*** Opening RECORDS PROVIDED ***

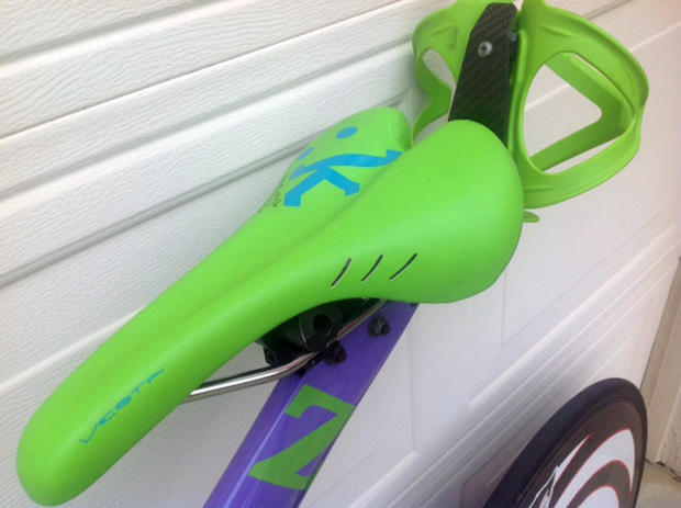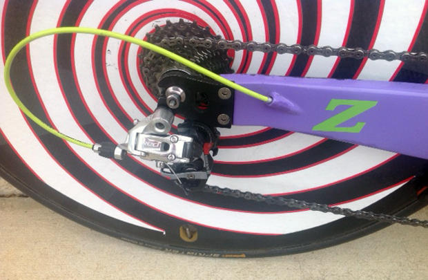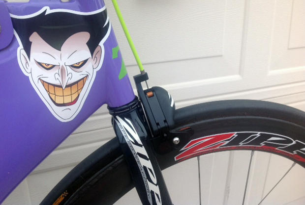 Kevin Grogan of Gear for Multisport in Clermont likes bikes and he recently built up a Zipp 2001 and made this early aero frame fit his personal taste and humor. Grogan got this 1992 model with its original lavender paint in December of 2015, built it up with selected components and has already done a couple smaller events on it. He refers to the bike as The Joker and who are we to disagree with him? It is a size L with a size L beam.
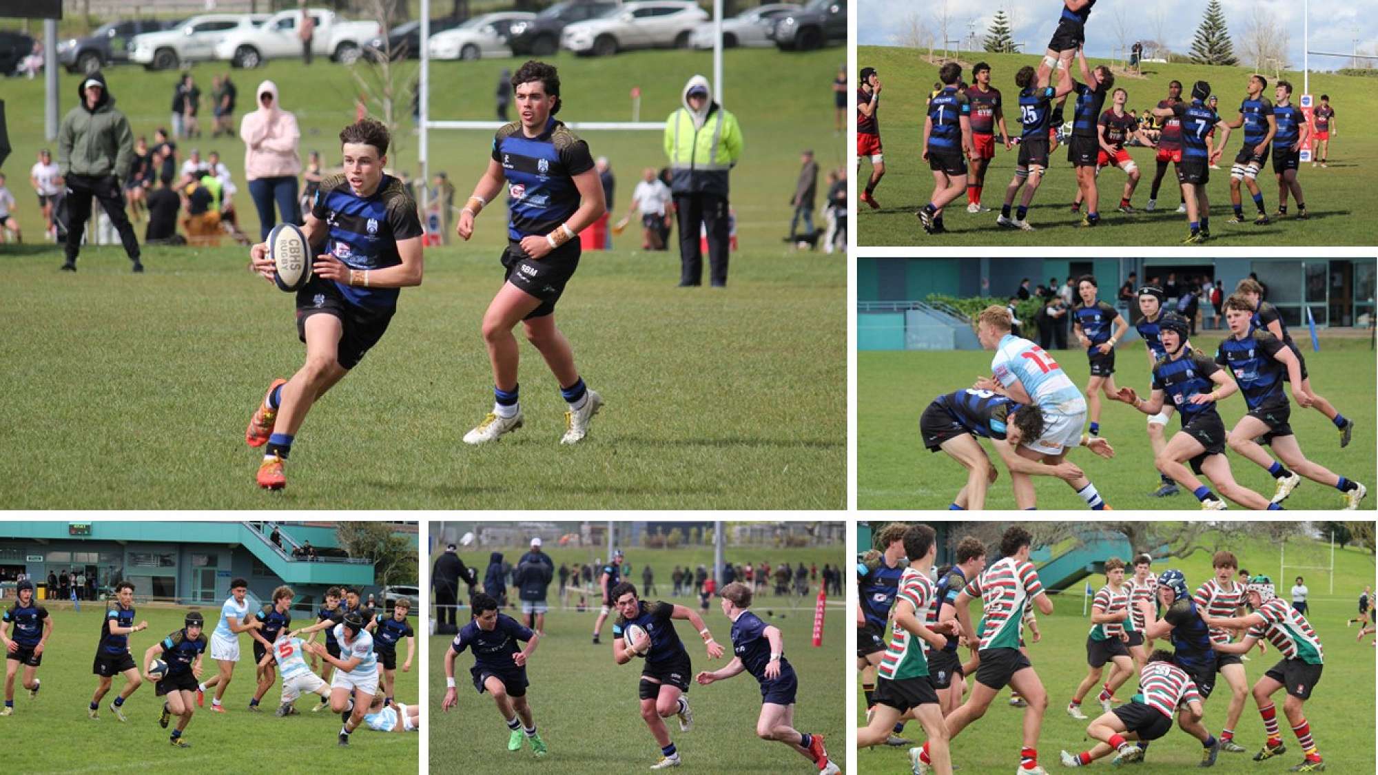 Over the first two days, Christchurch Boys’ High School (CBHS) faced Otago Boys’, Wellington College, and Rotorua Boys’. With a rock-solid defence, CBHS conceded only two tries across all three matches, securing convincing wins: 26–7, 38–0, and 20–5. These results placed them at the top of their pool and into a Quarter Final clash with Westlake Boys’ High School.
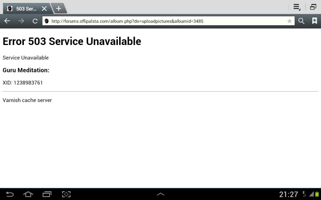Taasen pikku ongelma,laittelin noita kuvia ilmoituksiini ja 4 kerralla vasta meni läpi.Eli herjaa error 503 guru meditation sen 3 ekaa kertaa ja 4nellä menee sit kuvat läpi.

*** Closing RECORDS PROVIDED ***
*** Opening RECORDS PROVIDED ***

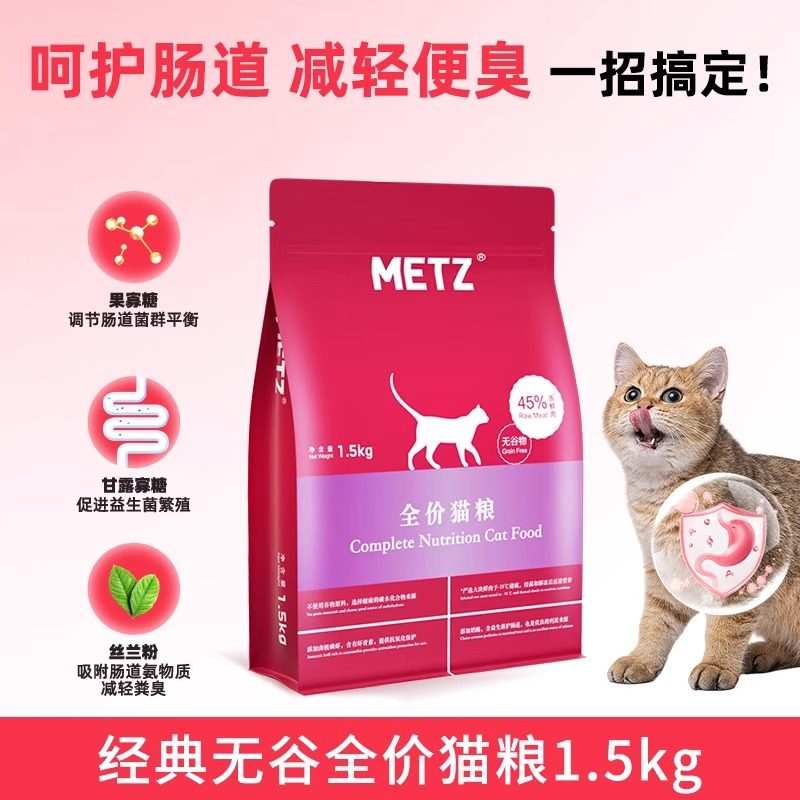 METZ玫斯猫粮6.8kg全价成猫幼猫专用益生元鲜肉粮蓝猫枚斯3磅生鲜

*** Closing RECORDS PROVIDED ***

PROBLEM DETAILS ▸ From the material above, give again exactly the lines from the one that contains "Kevin Grogan of" through the one that contains "Over the first", and leave out the pictures.

SOLUTION TO THE EXERCISE ▸
 Kevin Grogan of Gear for Multisport in Clermont likes bikes and he recently built up a Zipp 2001 and made this early aero frame fit his personal taste and humor. Grogan got this 1992 model with its original lavender paint in December of 2015, built it up with selected components and has already done a couple smaller events on it. He refers to the bike as The Joker and who are we to disagree with him? It is a size L with a size L beam.
 Over the first two days, Christchurch Boys’ High School (CBHS) faced Otago Boys’, Wellington College, and Rotorua Boys’. With a rock-solid defence, CBHS conceded only two tries across all three matches, securing convincing wins: 26–7, 38–0, and 20–5. These results placed them at the top of their pool and into a Quarter Final clash with Westlake Boys’ High School.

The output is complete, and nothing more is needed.